Le Docteur Jekyll (Frederic March) est un bon
bougre légèrement porté sur la transgression. Persuadé que l’Homme est doté de
deux personnalités antagonistes, il met au point un breuvage issu d’une
formule, pour séparer dans un même corps, le bien du mal. Dans cette sublime
version du Docteur Jekyll et Mister Hyde
de Rouben Mamoulian (1932), ledit praticien tente l’expérience sur lui-même et
se métamorphose en un anthropoïde particulièrement inquiétant. Mr Hyde apparaît
brutalement dans le champ, face à un miroir, pour constater la réussite et le
bien-fondé de sa théorie. Le médecin affable et respectable est devenu le mal
incarné. Démarche simiesque, augmentation de la partie occipitale du crâne,
système pileux particulièrement fourni, rangée de dents du maxillaire supérieur
impressionnante, tout le corps de Mr Hyde renvoie à l’Australopithèque qui
sommeillait dans le subconscient du Dr Jekyll et qui se matérialise désormais
dans ce laboratoire, à l’insu de tous. Tout à sa contemplation triomphante, il
exulte d’une rage éruptive et primitive, actionnant ses zygomatiques pour
partir d’un éclat de rire sinistre.
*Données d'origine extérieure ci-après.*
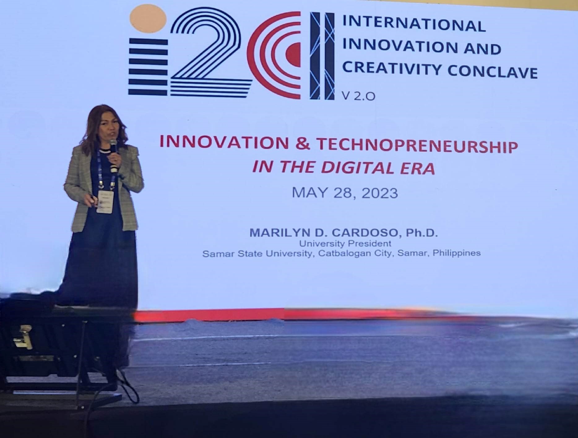 CATBALOGAN CITY─ Dr. Marilyn D. Cardoso, President of Samar State University (SSU), delivered a highly relevant presentation titled “Innovation and Technopreneurship in the Digital Era” at the prestigious International Innovation and Creativity Conclave (I2C2) Version 2.0 held on May 28-30 (23) at Visakhapatnam, Andra Pradesh, India.
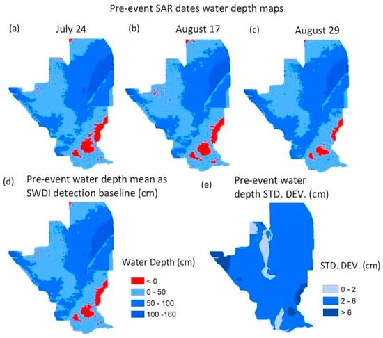 (a–c) Pre-event water-depth maps for the three selected SAR dates in 2017. Negative water depths (red areas) represent unflooded conditions, and positive water depths (blue areas) represent flooded conditions. (d) Pre-event water-depth mean map as the baseline for SWDI detection. (e) Pre-event water-depth standard deviation map, with each pixel representing the standard deviation of three water-depth values for the pre-event SAR dates. Most study areas show standard deviations between 2 and 6 cm, and the spatial mean value of standard deviations is 4 cm.

S’esclaffer de cette manière aussi
tonitruante n’est pas anodin; les autorités médicales et religieuses de la bonne
société londonienne lui avaient déconseillé de poursuivre ses recherches et son
futur beau-père, le général Carew (Halliwell Hobbes) lui refuse pour l’instant
la main de sa fille, Muriel (Rose Hobart). C’est donc un Dr Jekyll frustré qui
a expérimenté sur lui-même sa potion. Son double va donc lui permettre d’assouvir
enfin toutes ses pulsions réprimées par le puritanisme de la société
victorienne dans laquelle il évolue. « Libre ! » rugit-il à deux reprises. Libre
désormais de s’encanailler dans les bas-fonds de Londres, de fréquenter des
prostituées, de faire régner la terreur et de basculer dans le meurtre. Le
miroir dans lequel Mr Hyde s’admire est plus que le vecteur de son narcissisme;
il est l’expression de la vérité que le Dr Jekyll lance à la face du monde :
sa recherche d’absolu ne peut s’enraciner que dans ses instincts primitifs. Le
cinéma américain est rempli de ces personnages qui défient les lois de la Création :
les Docteurs Frankenstein (Frankenstein/1931),
Moreau (L’Île du Docteur Moreau/1932)
et Jekyll ou, plus près de nous, Seth Brundle (La Mouche/1986) sont autant de Prométhée qui ont commis le
blasphème suprême, celui de se prendre pour Dieu en manipulant l’âme et le
corps humain. Entre 1908 et 2006, pas moins de dix-huit metteurs en scène se sont
appropriés ce personnage sorti tout droit de l’imagination de Robert-Louis
Stevenson (1), mais outre celle de Rouben Mamoulian, seules deux autres versions
ont marqué l’imaginaire des cinéphiles : celle, éponyme, de Victor Fleming
(1941) et Mary Reilly de Stephen
Frears (1996).
(1) L’Étrange cas du Docteur Jekyll et Mister
Hyde de Robert-Louis Stevenson, Folio classique, 2003.